Tuesday, September 2, 2014

AN ARTIST, A FEMINIST AND A WOMAN OF THE MIDDLE EAST

Boushra Almutawakel is an enigma in the Middle East, but she is a growing part of young women artists who are exploring the myth of women and their identity in a culture that romanticism women and restricts them. 

Disappearing Woman                                      Boushra Almutalwakel

For those of us that are from Western cultures it is hard to understand women who cover themselves so completely, but one point of view Boushra had made since to me….she stated it is like Western women who cover themselves with makeup and you can not see their real selves.
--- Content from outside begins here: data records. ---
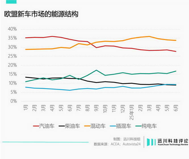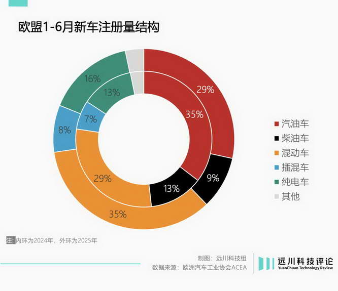 同时,欧盟长期将混动车型纳入补贴范畴,混动 / 插混占据欧洲新车销售的 40% 以上,是纯电车型的 5 倍多,和国内的销售结构存在结构性差异。
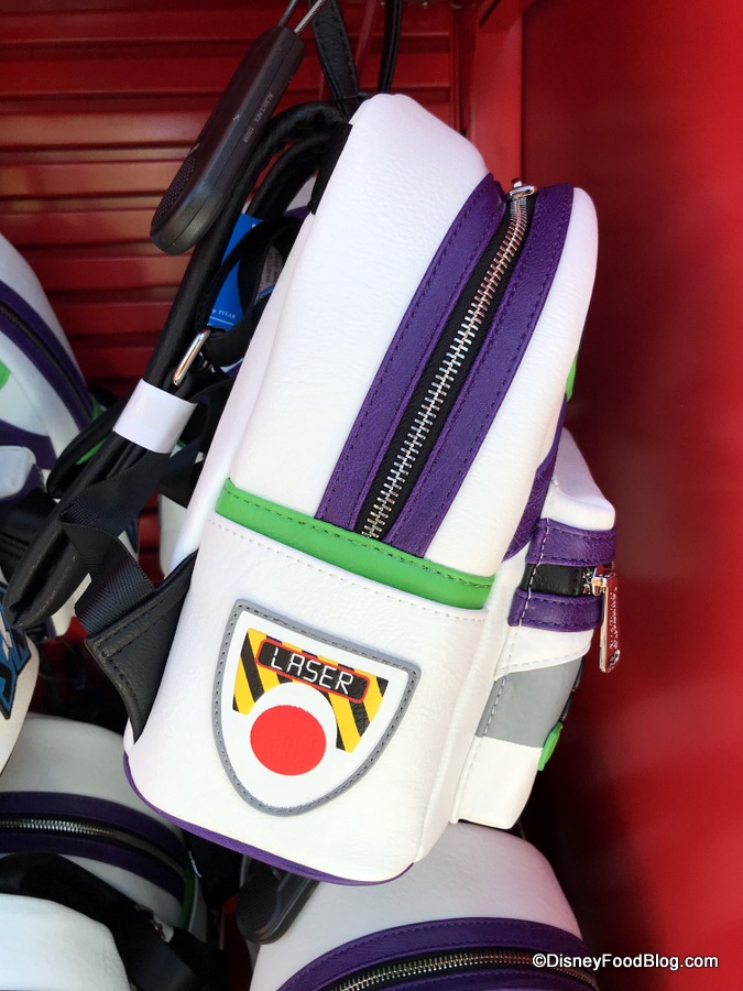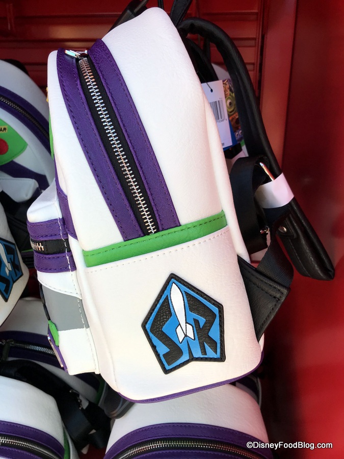 The backpack looks just like Buzz Lightyear’s Space Ranger suit with its vibrant purple and green accents.
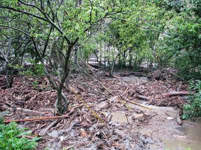 (洪水漫堤,淹過(guò)河邊的樹(shù)林)
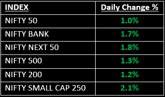 After two sessions of heavy selling, Indian markets bounced back with a relief rally, supported by easing geopolitical concerns. The market breadth remained strong as the total market cap of BSE-listed firms increased by ₹6.5 lakh crore.
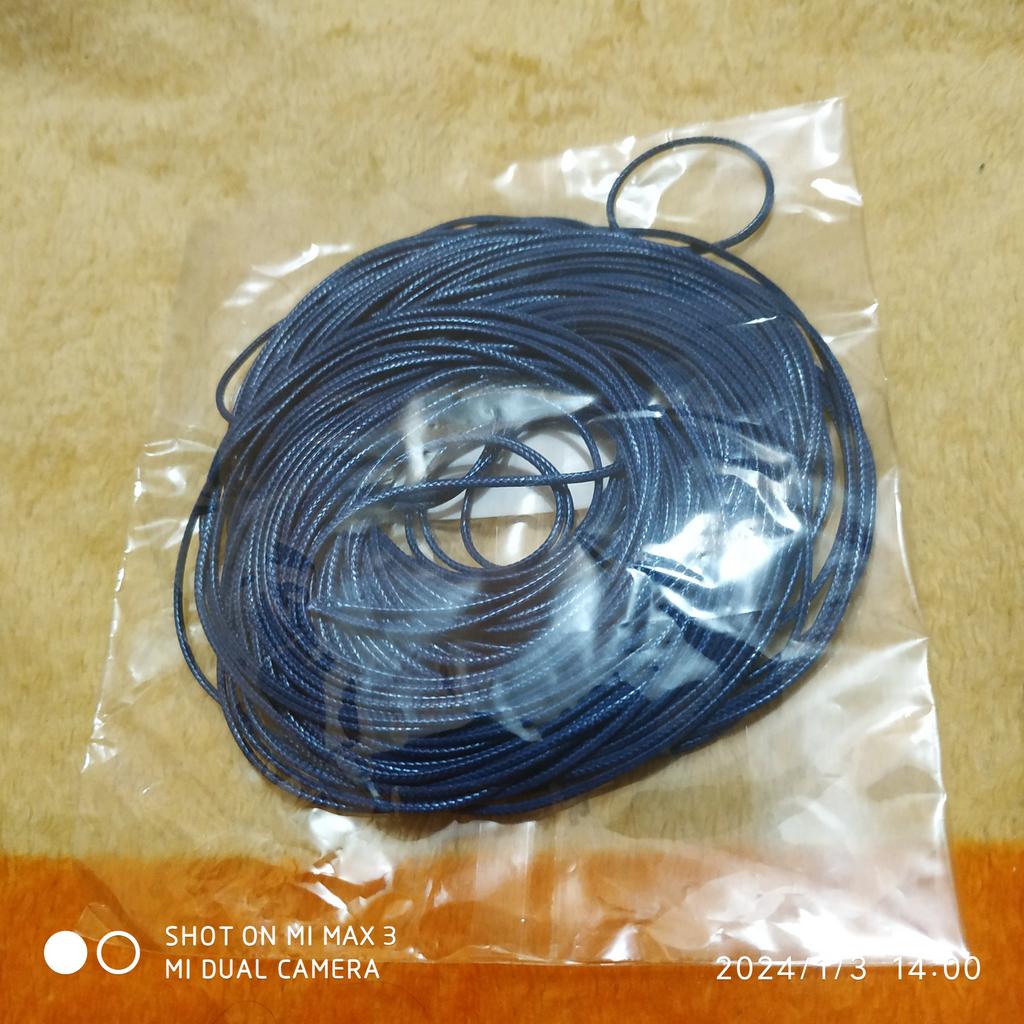 Доставка посылки месяц, в посылке семь заказов. Вощеный хлопковый шнур, всё как заказывал соответствует описанию 1мм, длина 15 метров, тёмно-синий цвет, очень прочный. Только одно но, что этот шнур не на бобине, как показано на рисунке, запутывается. Спасибо большое продавцу и Joom за доставку.
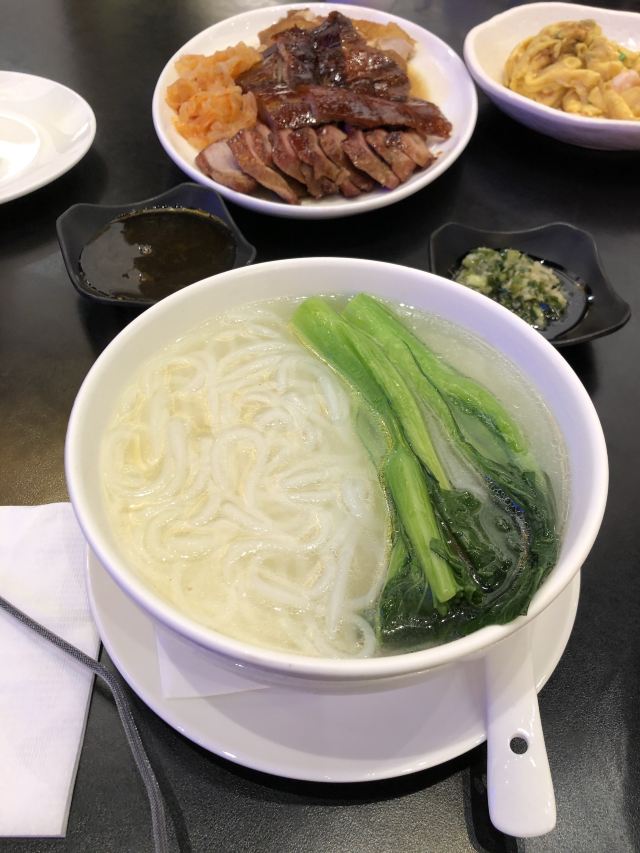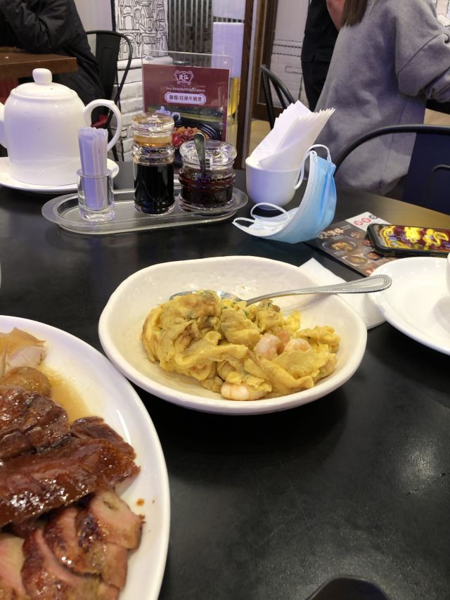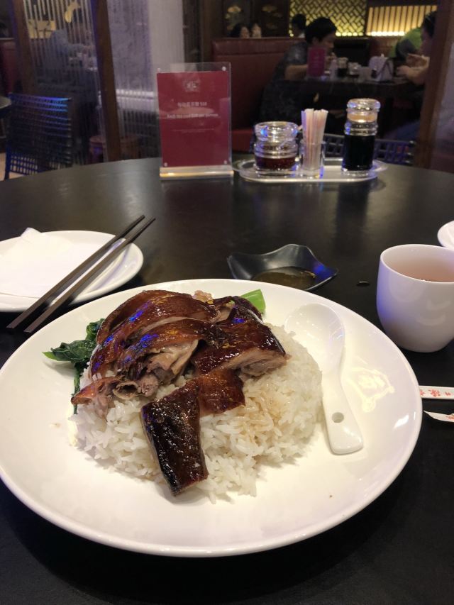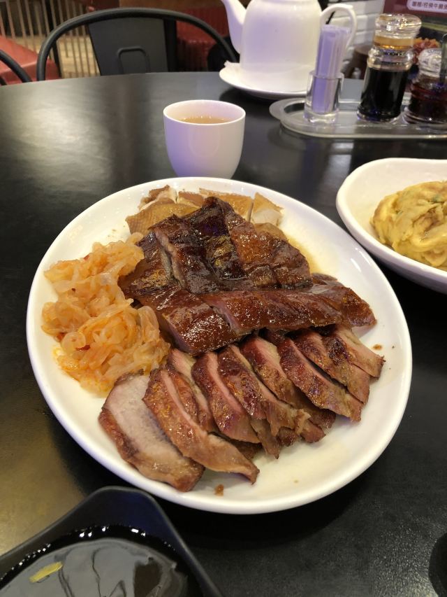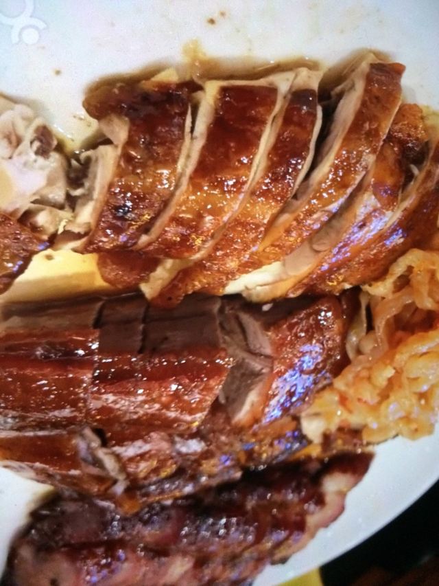 烧鹅有点老,不是很好吃,收服务费,以前在巴黎人美食广场有家做烧腊的烧鹅还比这里好吃,最主要这里一份别人那直接可以买壹只。

Growing up I knew little about the Middle East other than what may have been mentioned about the Crusades and Infidels.  I don't think I even knew what infidels were or where they lived.  
Then came Lawrence of Arabia and my next view of the Middle East was formed, tribes primitive tribes that fought and struggled to form one cohesive body to fight the British control.
  The call to prayer, the women's clothing, the seeming harshness of the culture all started to build a romantic vision in my mind of flowing robes, turbans, deserts, camels, and women hidden behind carved screens in a harem.  It was not until I went to college that me view again changed and then again not until well into adulthood.  But the most dramatic change for me was living in Izmir, Turkey and learning more about Islam and women's role with in the country and religion.  Turkey was at the time a very Western leaning Middle Eastern country and the more religious women might cover their hair or wear a loose covering that did not show the shape of their body.  And living two years in Turkey gave me just a peak behind the myth I had formed from childhood.   The Call to Prayer, was no longer chilling to me, but welcoming.  People were friendly and hospitable to me as a foreigner.  I knew that women, that were not Western, were not treated as equally as I was.  In my travels in Turkey as I went Eastward the customs were more and more rigid and restrictive for women.  


Boushra Almutalwakel         Portrait of Mother and Daughter         from google for purpose of art advocacy
I have read that in some areas of the Middle East women are not allowed to drive and that they must carry a passport to go from one part of town to another.  I have also read non fiction books that document women's struggle to win more freedom and rights that are often met with harsh punishment.  I still struggle to understand what is cultural and what is religious in the restrictions applied to women. 

I look forward to seeing more of Boushra's examination and conversation about her culture in Yemen as well as other pioneer young women artists of the Middle East.  They help us all break down stereotypes and gain a clearer understanding of Eastern culture that seems so different from our own.


 Photography by Boushra Almutawakel                              from google for the purpose of art education
Boushra Amutawakel, a penner among Yemeni female photographer, found these ideas stimulating and decided to interpret them photographically.  As she recalls, after September 11th and increase in 'all things Middle Eastern' took place, either demonizing or romanticizing Arabs and Muslims.  Part of the Romanticism, she elaborates "is  was Middle Eastern women have been portrayed artistically as exotic mysterious creatures".  She wanted to challenge through her work "Wester, Arab, and Islamic views and stereotypes", trying to "look at things from different perspectives and approaching the many layers "she seems in this subject."  Source Nafas Art Magazine

Boushra Almutwakel challenges us all to think about the roles of culture and the female image and role in society.